In some embodiments, OAuth is used to generate the secure token material and provide a verifiable and secure way to identify a specific game streaming provider. In some embodiments, REST calls are intercepted outside of the virtual machine, the secure token is directly injected into those secure calls, and then the receiving processes can take action and perform different actions than it would for non-game streaming machines. In some embodiments, this is done without 726 any modification 210 to the virtualized OS or running game, while in others, modification or setup of the virtualized OS is performed, e.g., to support communications with the proxy as described below. This is beneficial, because many games were never designed to self-identify to their game services if they are running in the cloud (cloud streaming being a newer technology) and a developer might be unable or not want to update their game to do such self-identification.

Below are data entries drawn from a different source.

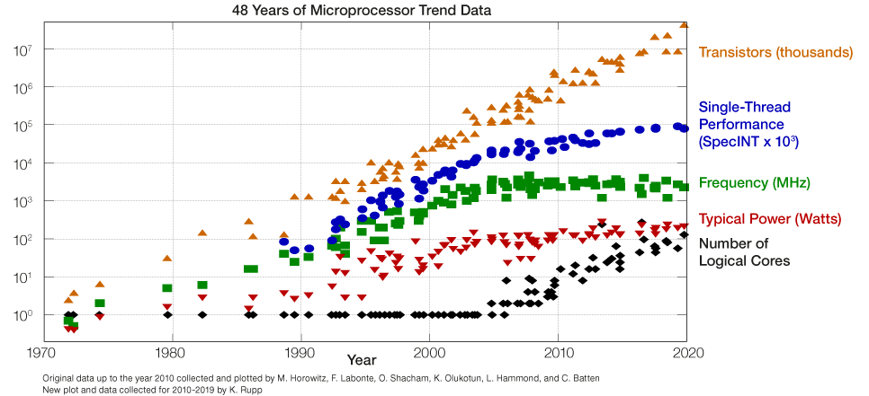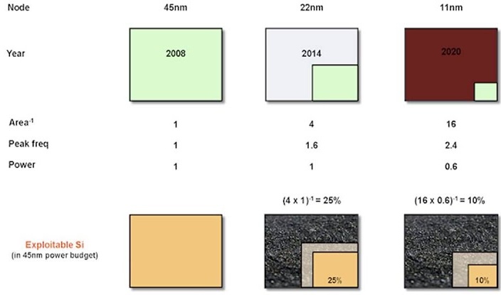 1. Дороговизна (физическая невозможность) дальнейшего уменьшения размера транзистора. 1. Токи утечки. 1. Power wall и Dark Silicon $\longrightarrow$
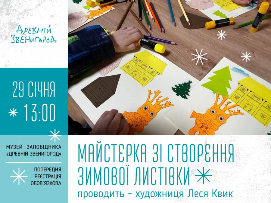 Виготовлення зимової звенигородської листівки розпочнеться о 13.00. Тривалість події 40-50 хвилин. Взяти участь можуть діти від 3 до 10 років.
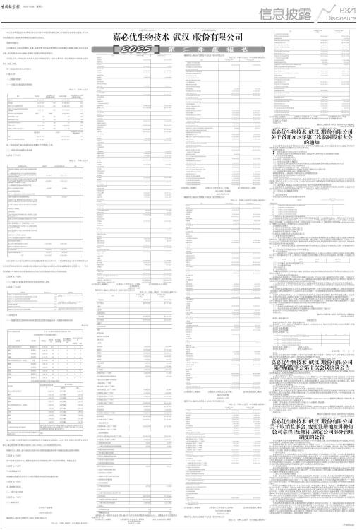 本公司董事会及全体董事保证本公告内容不存在任何虚假记载、误导性陈述或者重大遗漏,并对其内容的真实性、准确性和完整性依法承担法律责任。 重要内容提示: 公司董事会、监事会及董事、监事、高级管理人员保证季度报告内容的真实、准确、完整,不存在虚假记载、误导性陈述或重大遗漏,并承担个别和连带的法律责任。 公司负责人、主管会计工作负责人及会计机构负责人(会计主管人员)保证季度报告中财务信息的真实、准确、完整。 第三季度财务报表是否经审计 □是 √否 一、主要财务数据 (一)主要会计数据和财务指标 单位:元 币种:人民币 ■ 注:“本报告期”指本季度初至本季度末3个月期间,下同。 (二)非经常性损益项目和金额 √适用 □不适用 单位:元 币种:人民币 ■ 对公司将《公开发行证券的公司信息披露解释性公告第1号一一非经常性损益》未列举的项目认定为非经常性损益项目且金额重大的,以及将《公开发行证券的公司信息披露解释性公告第1号一一非经常性损益》中列举的非经常性损益项目界定为经常性损益的项目,应说明原因。 □适用 √不适用 (三)主要会计数据、财务指标发生变动的情况、原因 √适用 □不适用 ■ 二、股东信息 (一)普通股股东总数和表决权恢复的优先股股东数量及前十名股东持股情况表 单位:股 ■ 注:公司前10名股东及前10名无限售股东中有嘉必优生物技术(武汉)股份有限公司回购专用证券账户,截止报告期末持有公司股份1,504,586股,占公司总股本的0.89%。 持股5%以上股东、前10名股东及前10名无限售流通股股东参与转融通业务出借股份情况 □适用 √不适用 前10名股东及前10名无限售流通股股东因转融通出借/归还原因导致较上期发生变化 □适用 √不适用 三、其他提醒事项 需提醒投资者关注的关于公司报告期经营情况的其他重要信息 □适用 √不适用 四、季度财务报表 (一)审计意见类型 □适用 √不适用 (二)财务报表 合并资产负债表 2025年9月30日 编制单位:嘉必优生物技术(武汉)股份有限公司 单位:元 币种:人民币 审计类型:未经审计 ■ 公司负责人:易德伟 主管会计工作负责人:王华标 会计机构负责人:熊浩 合并利润表 2025年1一9月 编制单位:嘉必优生物技术(武汉)股份有限公司 单位:元 币种:人民币 审计类型:未经审计 ■ 本期发生同一控制下企业合并的,被合并方在合并前实现的净利润为:0元, 上期被合并方实现的净利润为: 0 元。 公司负责人:易德伟 主管会计工作负责人:王华标 会计机构负责人:熊浩 合并现金流量表 2025年1一9月 编制单位:嘉必优生物技术(武汉)股份有限公司 单位:元 币种:人民币 审计类型:未经审计 ■ 公司负责人:易德伟 主管会计工作负责人:王华标 会计机构负责人:熊浩 母公司资产负债表 2025年9月30日 编制单位:嘉必优生物技术(武汉)股份有限公司 单位:元 币种:人民币审计类型:未经审计 ■ 公司负责人:易德伟 主管会计工作负责人:王华标 会计机构负责人:熊浩 母公司利润表 2025年1一9月 编制单位:嘉必优生物技术(武汉)股份有限公司 单位:元 币种:人民币 审计类型:未经审计 ■ 公司负责人:易德伟 主管会计工作负责人:王华标 会计机构负责人:熊浩 母公司现金流量表 2025年1一9月 编制单位:嘉必优生物技术(武汉)股份有限公司 单位:元 币种:人民币 审计类型:未经审计 ■ 公司负责人:易德伟 主管会计工作负责人:王华标 会计机构负责人:熊浩 2025年起首次执行新会计准则或准则解释等涉及调整首次执行当年年初的财务报表 □适用 √不适用 特此公告。 嘉必优生物技术(武汉)股份有限公司董事会 2025年10月28日 证券代码:688089 证券简称:嘉必优 公告编号:2025-078 嘉必优生物技术(武汉)股份有限公司 关于召开2025年第二次临时股东大会的通知 本公司董事会及全体董事保证公告内容不存在任何虚假记载、误导性陈述或者重大遗漏,并对其内容的真实性、准确性和完整性依法承担法律责任。 重要内容提示: ● 股东大会召开日期:2025年11月18日 ● 本次股东大会采用的网络投票系统:上海证券交易所股东大会网络投票系统 一、召开会议的基本情况 (一)股东大会类型和届次 2025年第二次临时股东大会 (二)股东大会召集人:董事会 (三)投票方式:本次股东大会所采用的表决方式是现场投票和网络投票相结合的方式 (四)现场会议召开的日期、时间和地点 召开日期时间:2025年11月18日 14点00分 召开地点:武汉市东湖新技术开发区高科园三路89号公司会议室 (五)网络投票的系统、起止日期和投票时间。 网络投票系统:上海证券交易所股东大会网络投票系统 网络投票起止时间:自2025年11月18日 至2025年11月18日 采用上海证券交易所网络投票系统,通过交易系统投票平台的投票时间为股东大会召开当日的交易时间段,即9:15-9:25,9:30-11:30,13:00-15:00;通过互联网投票平台的投票时间为股东大会召开当日的9:15-15:00。 (六)融资融券、转融通、约定购回业务账户和沪股通投资者的投票程序 涉及融资融券、转融通业务、约定购回业务相关账户以及沪股通投资者的投票,应按照《上海证券交易所科创板上市公司自律监管指引第1号 一 规范运作》等有关规定执行。 (七)涉及公开征集股东投票权 无 二、会议审议事项 本次股东大会审议议案及投票股东类型 ■ 1、说明各议案已披露的时间和披露媒体 本

In some embodiments, modification or setup of the virtualized OS is performed to support communications with the proxy. Due to the secure nature of HTTPS communications, intercepting and modifying requests via a proxy as described herein is sometimes interpreted as a security threat and to be blocked. This type of threat is often called a “Man in the Middle” attack. These embodiments, establish a certificate authority (CA) configured to sign SSL certificates in the proxy service, and ensure that this CA is installed in the virtualized OS as a trusted root certificate authority. The proxy returns SSL certificates signed by this CA during the HTTPS setup communications (a.k.a. TLS handshake) with the virtualized OS.

More generally, some embodiments use one or more of the following for calls 312, responses 320, or both: REST (Representational State Transfer), SOAP (Simple Objects Access Protocol), RPC (Remote Procedure Call), GraphQL, HTTP, or HTTPS traffic.

Tools and techniques taught herein allow the identification of cloud-based clients without modifications 210 to the OS or the platform that the game runs on, or modifications 210 to the game's own code. Functionality 204 instead intercepts and modifies service calls, and modifies and the services they're calling. This approach is much more scalable than a game-by-game approach. It also reduces or avoids burdens on game developers and storefront developers. Generally gaming services are not infrequently updated after the game launches, which provides a path for modification after a game's release.

Other system embodiments are also described herein, either directly or derivable as system versions of described processes or configured media, duly informed by the extensive discussion herein of computing hardware.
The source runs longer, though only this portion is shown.